My Dear Sweet Detective,

Here I sit, in our house, in our kitchen, in our life and I am so shattered. I'm not even sure if I can make it through this letter without breaking down. I can't face you, I'll lose my resolve. I'm leaving Jane; I'm leaving you and taking the kids. I can't deal with you anymore. I love you, oh God do I love you pretty girl, but I just can't take it anymore. You've been lying to me and I knew it all along. Molly has started asking me where you are, and I've been running myself ragged trying to avoid the truth. Daniel, pure, sweet Daniel, cries out for you on nights you don't come home.

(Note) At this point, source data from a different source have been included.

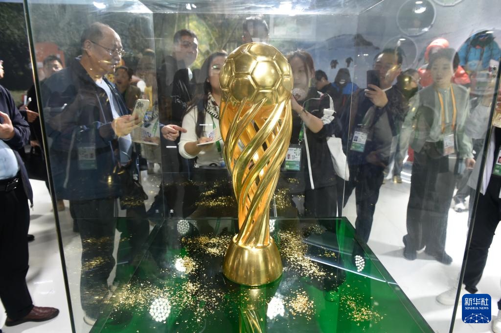 11月6日,观众在第八届进博会江苏展厅参观拍摄2025年“苏超”冠军奖杯。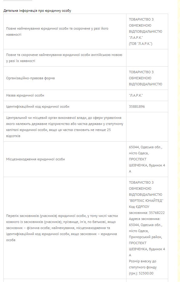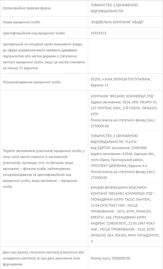 Выиграло лот ООО “Строительная компания “КВАДР”, которым управляет Долиненко Оксана Владимировна и которое основано кипрской компанией “Фесанес коммершл ЛТД” (владельцы Тасос Пантели и Андреас Софоклеус), а также одесским ООО “Л.А.Р.К.”. И все бы ничего, да только собственником компании “Л.А.Р.К.” является другое одесское ООО “Вертекс Юнайтед”.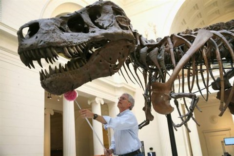 | Le géologiste Bill Simpson nettoie Sue, un Tyrannosaurus Rex, le 12 novembre 2013 à Chicago, aux États-Unis. |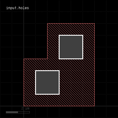 Applies to edge pair collections only. Returns the first edges of the edge pairs in the collection. "holes" - Selects all polygon holes from the inputUsage: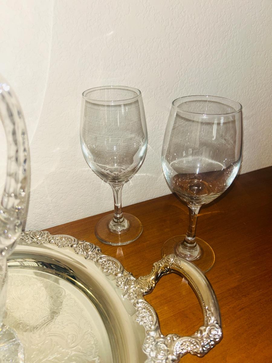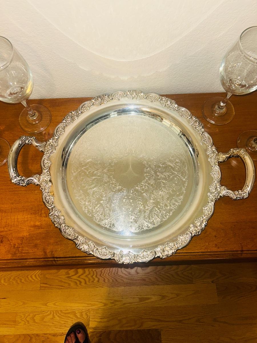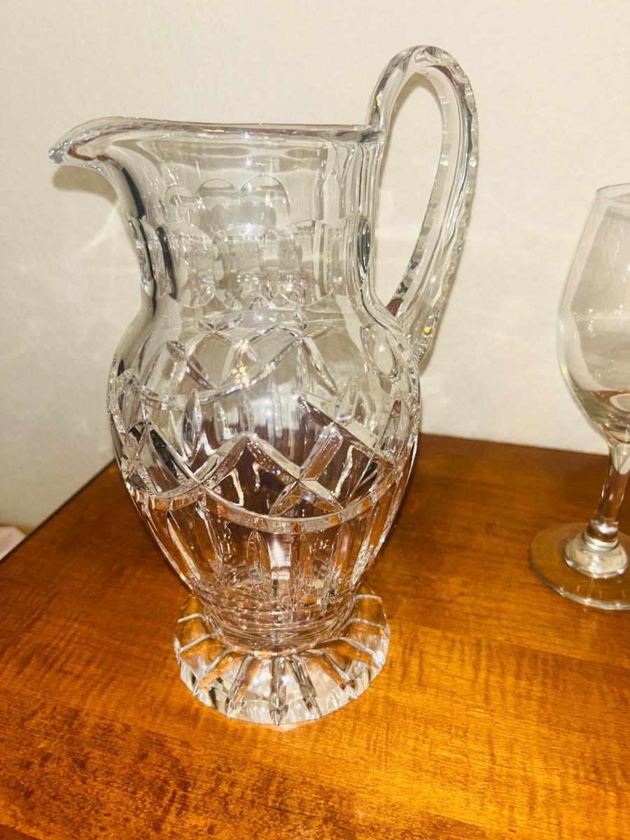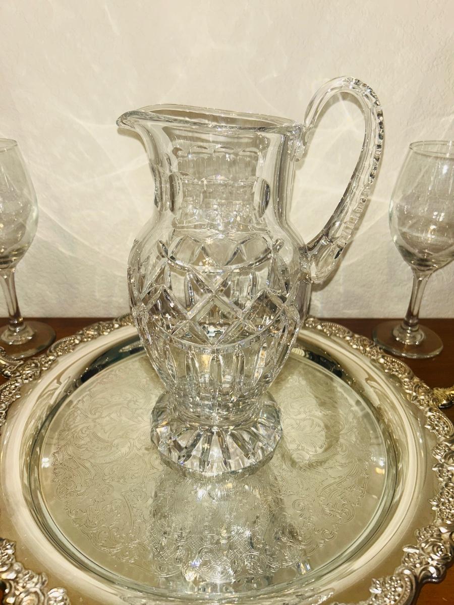 LEAD CRYSTAL PITCHER, STEMMED GLASSES AND ONIEDA SILVER-PLATE PLATTER

I found the bottles Jane. I know that you were trying to keep it away from the family, but I found them. That means that our children can find them Jane. Could you imagine what 7 year old angelic Molly would say when she found a bottle of Jim Beam in the toy box in the garage? With their TOYS Jane?! The same toys that your mother bought them for Christmas last year, the toys that Frankie found when he travelled to the south? Those are precious memories Jane, and you've tainted them. How could you do that to our children? You can lie to me, I will ok. My heart is pounding, but I will be able to live. But, you're their mother. They ask for you at night, they tell their friends about their mothers. But, when their friends come by, you aren't here? Daniel started kindergarten 3 weeks ago, and you "were working late on a case". Barold called me that same night asking if you had made it home, he hadn't seen you since you got sent home at 3 for insubordination.

I've had my bag packed for a few months now Jane, not wanting to throw away 10 years of marriage. I just wanted you to notice that I was at the end of my rope. Is it so bad at home that you only show up once a week to raid the fridge, and pass out on the couch? I haven't slept next to you in 4 months and we haven't made love in nearly a year. It hurts me to see you like this because I feel responsible. I can't have 3 children Jane, I need a wife. I need to feel beautiful and smart, sexy and wanted. You haven't done anything to me but tell me that I was aging rapidly, and point out the stretch marks that haven't faded since I gave birth to my son, our son. You didn't even make it in time for that, Korsak had to call the bar and tell you that I was in labor while Tommy drove me in my own car.

Because of these things, I have reached my point. I can't do this anymore; I deserve the woman that you used to be. I know that you have a problem, and as soon as you can admit that and get help, I will be so glad to do whatever I can. But, until then, my sweet girl, the kids and I will be staying with Constance, for however long it takes. I will send you photos of the kids, and write to you when I see fit. I will leave our return address in hopes that I can trust you not to show up there in a state. You may write to any of us, but don't even try until you've made an effort. I love you Jane, and I just want our family back together. Please help me pick up the pieces of our life.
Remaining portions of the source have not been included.